UPDATED 11:33 EDT / OCTOBER 20 2011

NEWS

Virtual BlizzCon 2011 for $40: The Price of Eyeballs-Only Admittance

Conventioneering is a big deal for fans of popular culture media, although while comics really take the cake with ComicCon and Anime Expo, video games aren’t far behind with E3, PAX, and BlizzCon. The current hullaballoo centers around the upcoming BlizzCon 2011 which will be throwing open the doors of the Anaheim Convention Center in California. Expectations are high about revelations involving many Blizzard products including the next chapter if StarCraft 2, Diablo III, and World of Warcraft.

For those who cannot attend in person, Blizzard is once again offering BlizzCon virtual tickets for $40 a pop. The ticket price will net purchasers access to a livestream from the convention floor, keynote speeches, Q&A sessions, on-demand replay of missed events, and the concert at the end by the Foo Fighters. Accordingly the purchase will also come with “this year’s World of Warcraft pet and to-be-revealed StarCraft II in-game gift.” The virtual items from BlizzCon attendance have been highly valued in the past and are limited edition.

Time’s Techland blogger Keith Wagstaff ran a piece asking if $40 for a virtual ticket was worth the price—and past sell-outs have rang a clarion “Yes” from the fan base.

“Tickets usually sell out in seconds,” said Bob Colayco, PR manager for Blizzard. “We wanted a way for our fans who couldn’t come to be able to follow along with what was going on.”

BlizzCon tickets are already sold out. They ran for $175 a pop (4 per household) so the $40 virtual ticket is more than just a consolation prize; it’s a way to make sure that you don’t miss out on the festivities and allows you to do so for less than a quarter of the price of actually visiting—not to mention that you won’t have to expend further funds on lodging, food, and transportation.

Blizzard products have a gigantic cultural appeal across the PC gaming scene, and promote a particularly notable impact in the massively multiplayer online gaming community—as a result, anyone who is anyone is either at BlizzCon, Skyping in, or watching via the livestream. Undoubtedly there will be a sudden splash of YouTUBE coverage lagging behind the stream as people at the convention begin to pound their podiums. Watch channels such as TradeChat for a good round-up of what’s going down at BlizzCon from an on-the-ground gamer perspective.

At this year’s BlizzCon 2011, I hope to see more news covering the release of Diablo II; especially Blizzard’s intent with the real money Auction House feature they’re planning. The ability to legitimately make money from a Blizzard product may have strange appeal to some of the more hardcore players who live their lives in the games—and could net the semi-casual players a little bit of a discount from their subscription costs. I am also looking forward to further news on the real-money-for-gold tradable pet introduced into World of Warcraft.
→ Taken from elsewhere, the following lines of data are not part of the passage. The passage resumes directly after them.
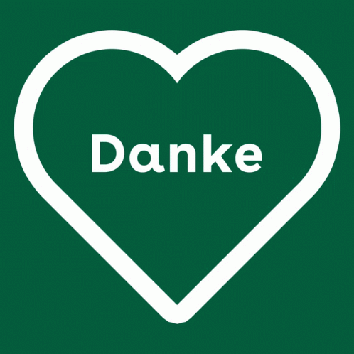 A green background transitions from a white heart with 'Danke' to a white plant icon within a circle.
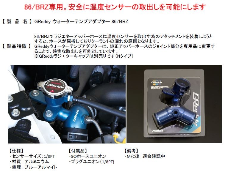 GReddy ウォーターテンプアダプター ZN6,ZN8/ZC6,ZC8用 FA20 |
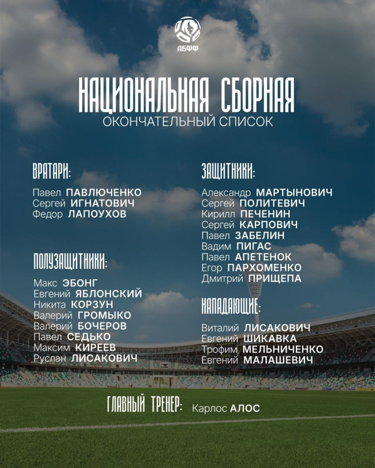 26 мая главный тренер сборной Беларуси Карлос Алос Феррер огласил список из 24 футболистов, которые будут задействованы в подготовке и товарищеских матчах со сборными Казахстана (5 июня) и России (10 июня). Обе игры пройдут в Минске.
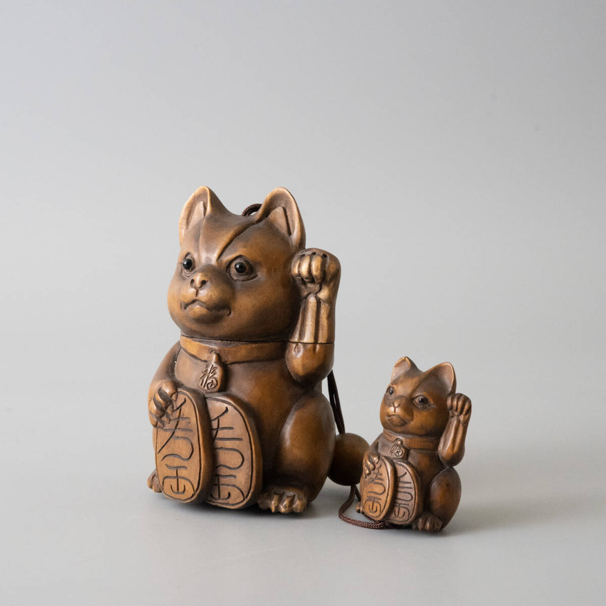 - 招き猫 たばこ入れ 柘植 木製彫刻 根付 置物 オブジェ 飾り 古道具 民芸 骨董 アンティーク 莨入れ 小物入れ
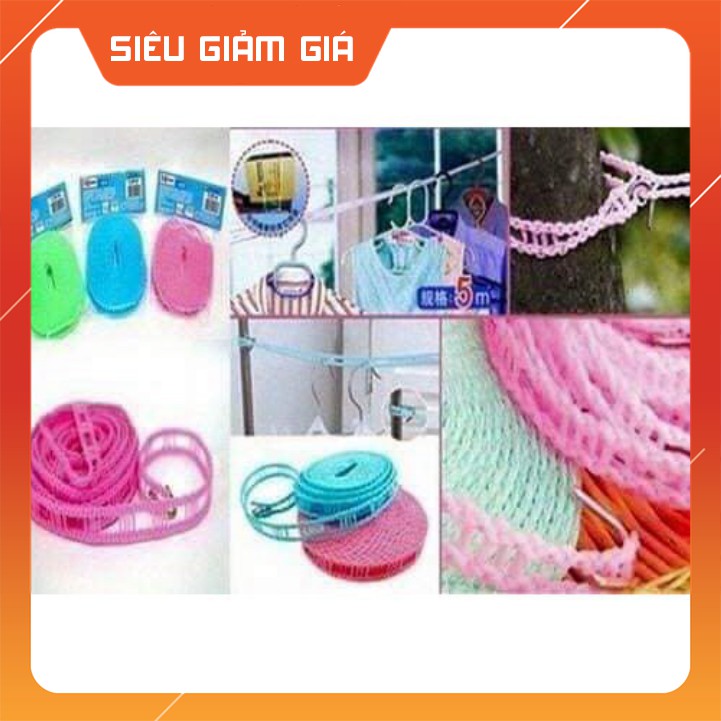 Khách hàng được hỗ trợ xem hàng trước khi nhận.+ Bộ sản phẩm bao gồm 01 dây phơi, có 3 màu mỗi dây dài 5 m, có thiết kế móc treo thuận tiện và các ô nhỏ cố định móc treo quần áo không bị xô.
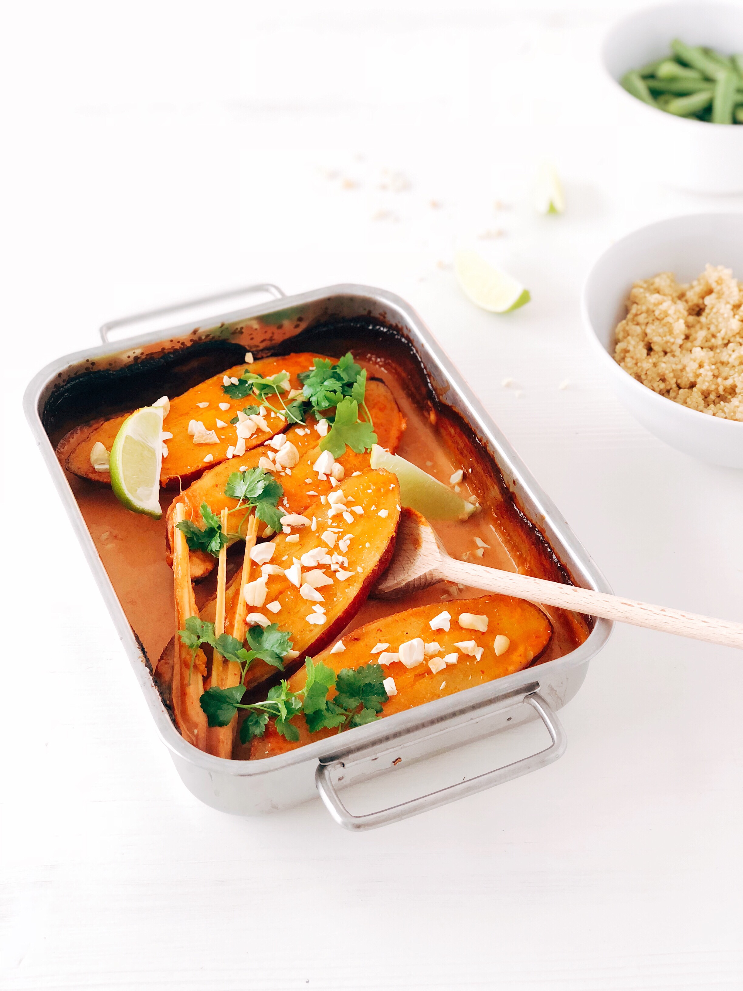 Ik vind deze geroosterde zoete aardappelen het lekkerst met wat quinoa of rijst en gestoomde of gekookte groene groenten zoals princessen- boontjes, broccoli of groene asperges. Wil je er graag een stukje vlees bij? Combineer dan met gebakken kipfilet.
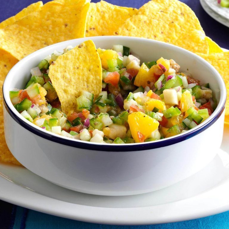 25 minRecette de salsa de fruitsconcombre, poivre, tomates, onion, orange nombril segmenté, jus de citron, coriandre, persil, gousse d'ail, sel, poivre, poivre, pêche, banane,salsa de fruits au concombre
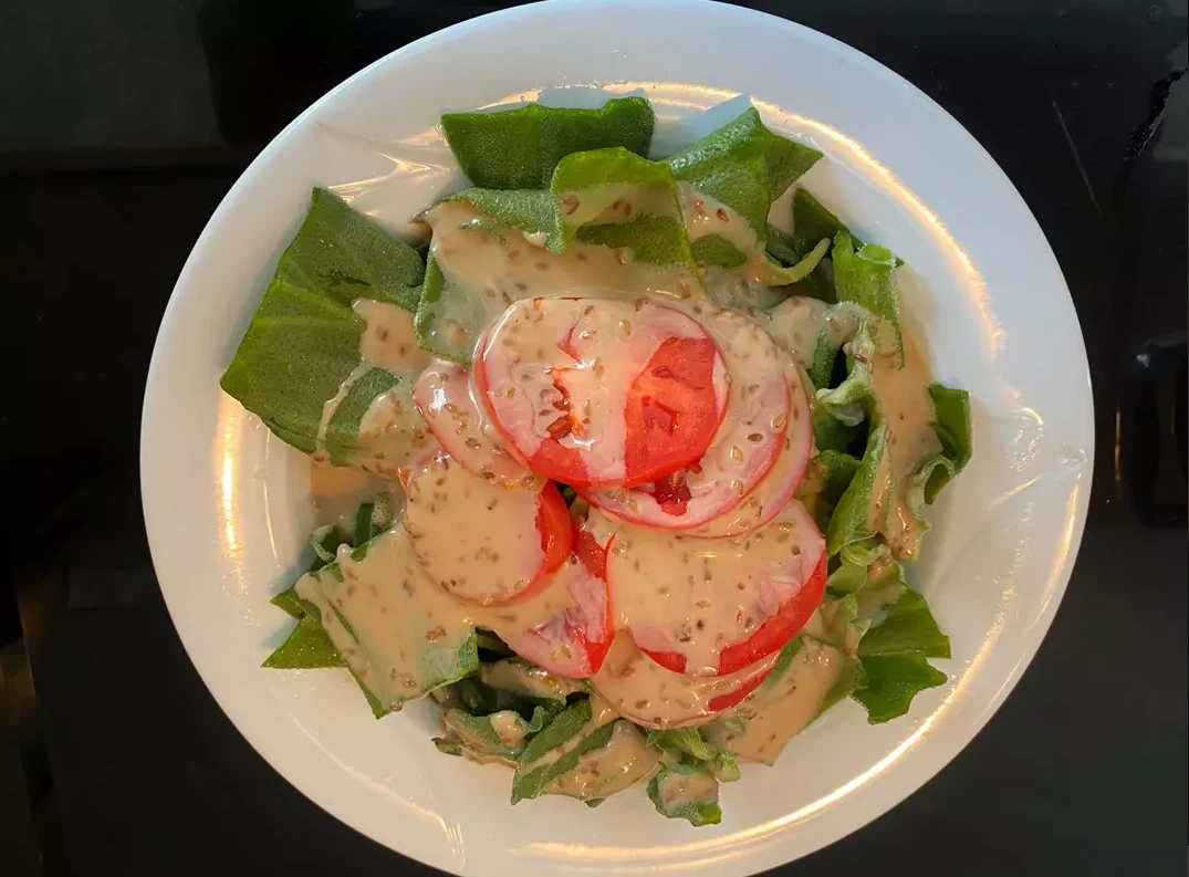 Salad rau bông tuyết cà chua: Rửa sạch rau và cà chua. Thái rau và cà chua thành từng lát vừa ăn. Cho nước sốt vào, trộn đều và thưởng thức. Đây là cách làm salad cơ bản nhất. Chị em có thể sử dụng thêm một số loại hoa quả hoặc rau yêu thích tùy khẩu vị của mình.
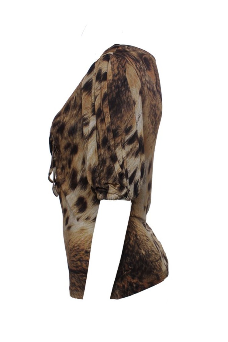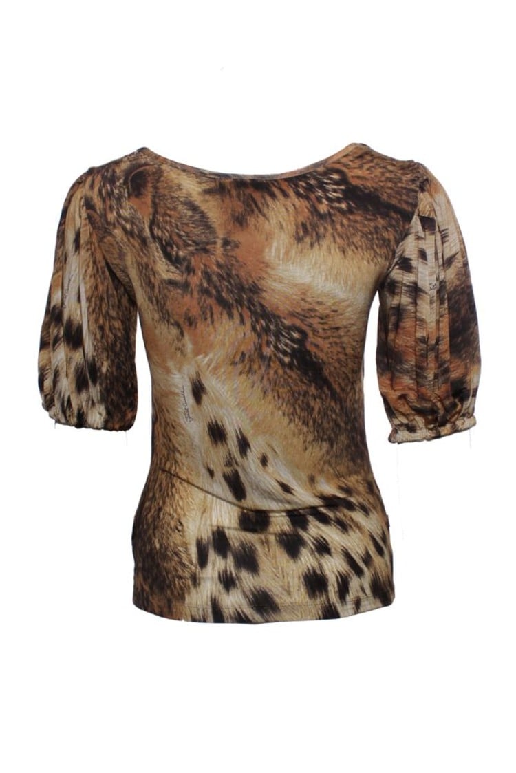 Just Cavalli, bruine dierenprint top met 3/4 pofmouw. Het product is gebruikt maar in zeer goede staat.
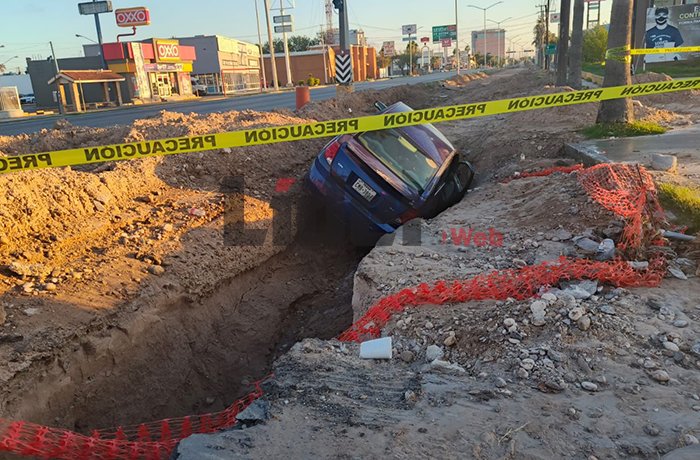 NUEVO LAREDO, TAM.- Un conductor perdió el control de su vehículo y terminó dentro de una zanja en la intersección de la avenida Reforma y la calle 15 de Septiembre, en el centro de Nuevo Laredo.
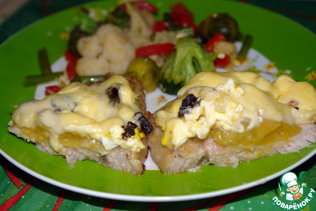• На мясо, в центр, кладем ломтик манго, или кружочек персика, или половину кружочка ананаса.
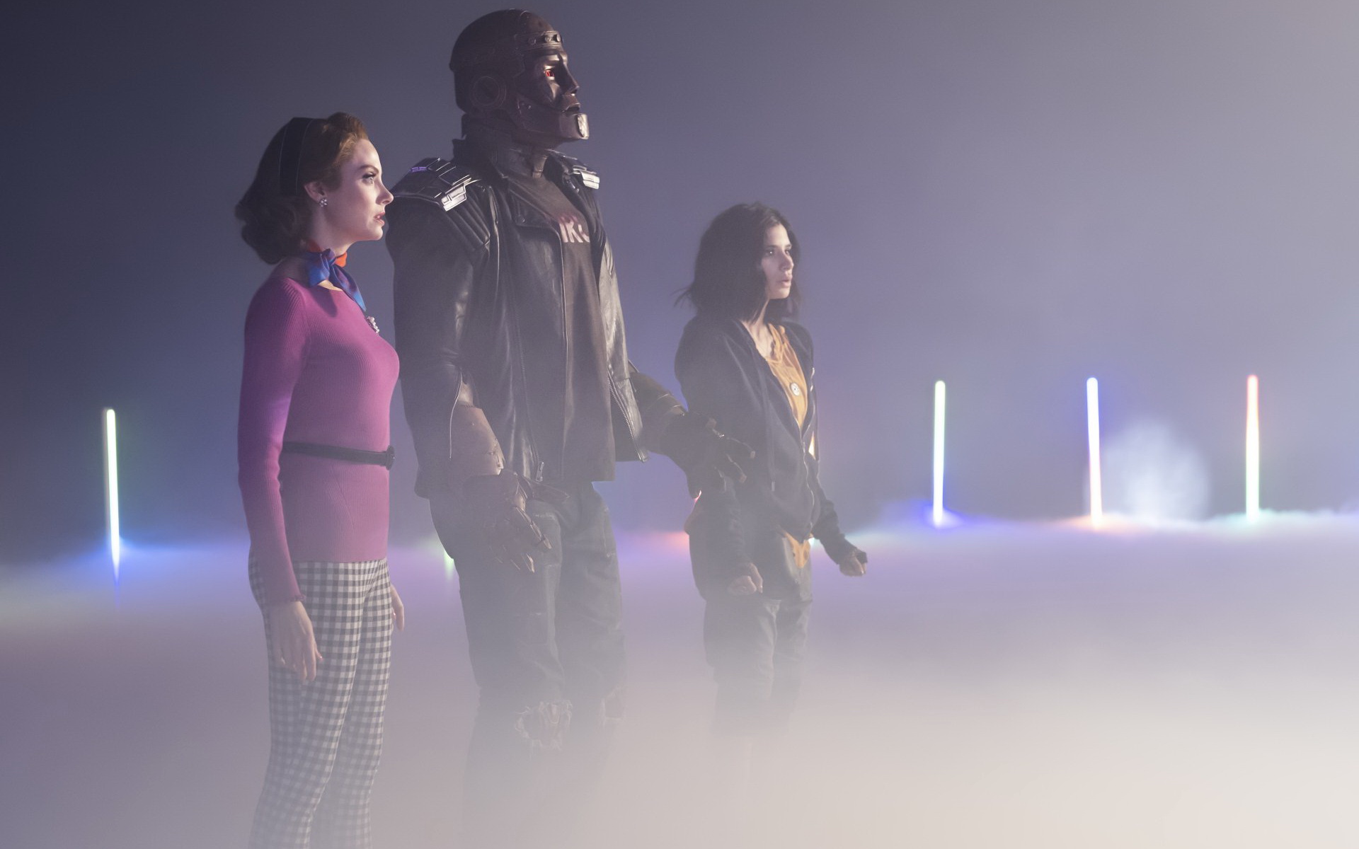 Description: A group of people standing in a foggy area with a man in a leather jacket and a woman in a pink top.
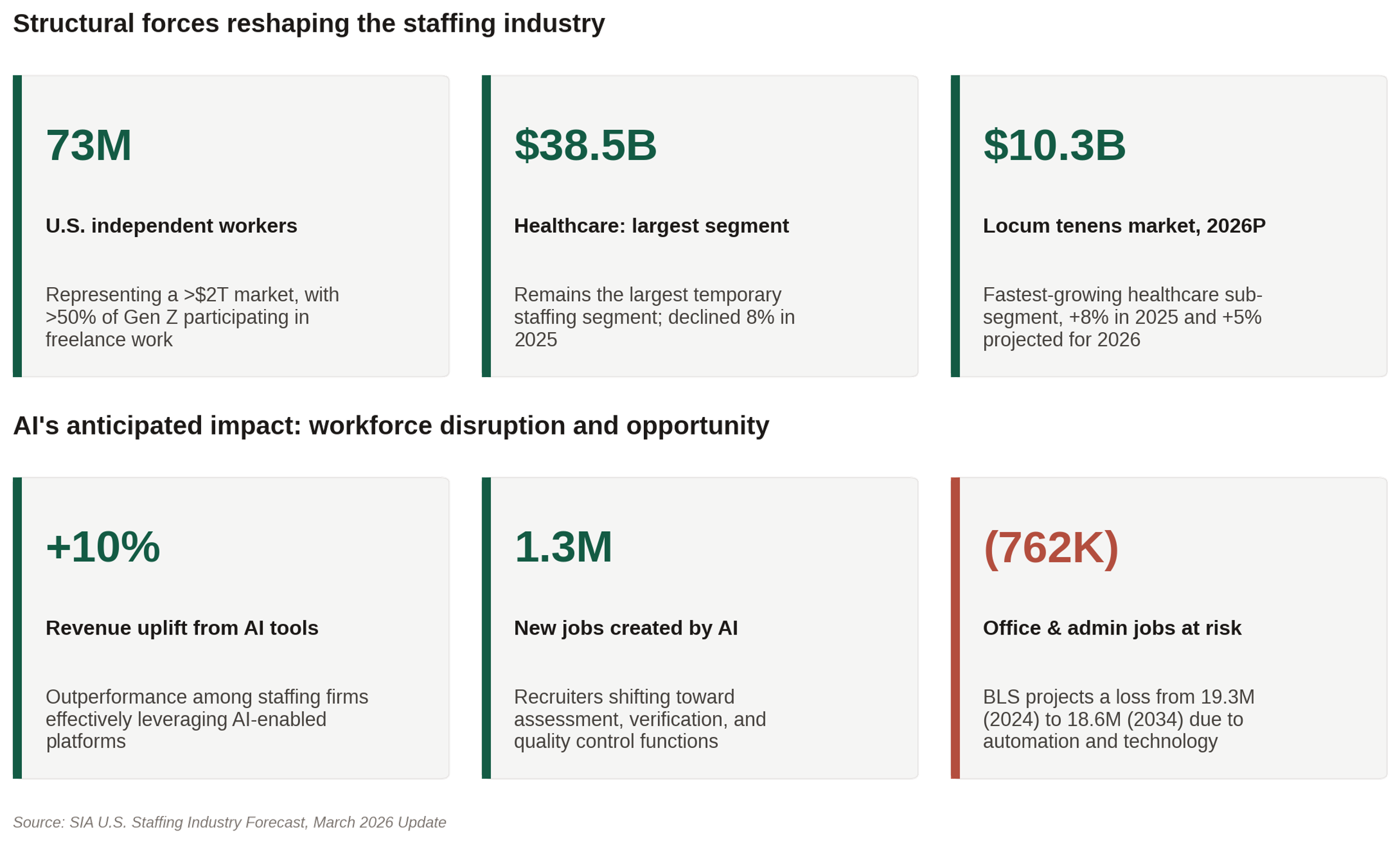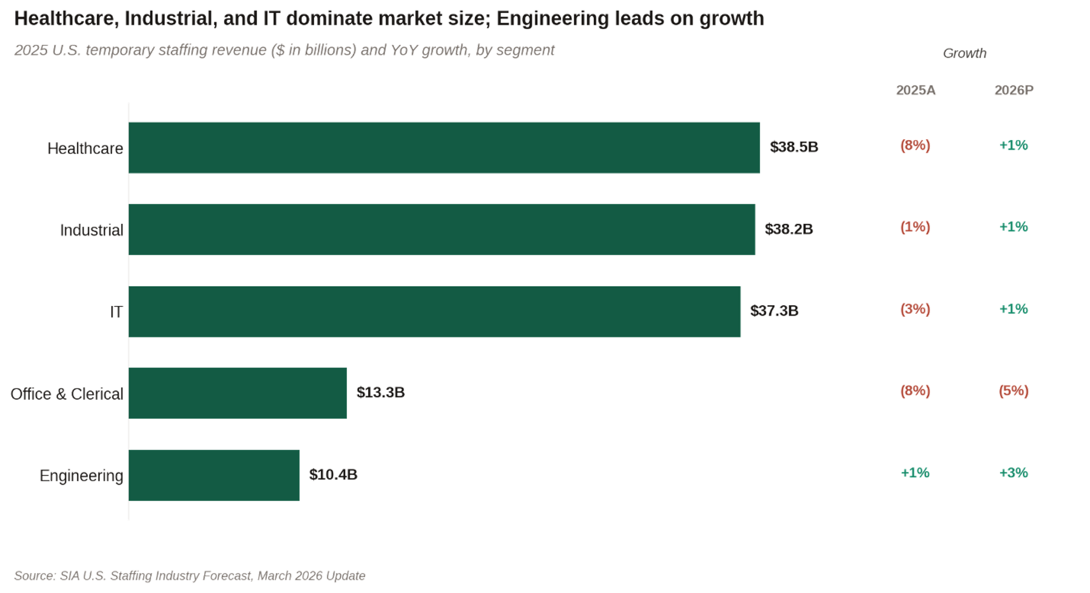 Healthcare remains the largest temporary staffing segment at $38.5 billion, though it declined 8% in 2025 as volumes continued normalizing from pandemic peaks. Within Healthcare, locum tenens stands out as the fastest-growing sub-segment, growing 8% in 2025 and projected to reach $10.3billion in 2026, driven by persistent physician shortages in key specialties.

These communities and the MMO administrators are constantly at war with gold farmers and spammers looking to make a buck from the population; having a way for them to make their money legitimately might permit easier regulation and less need to use the ignore button. At the same time, it could threaten to collapse the current in-game economies (in the case of WoW) and fundamentally change how auction houses work in the Blizzard games for the future D3.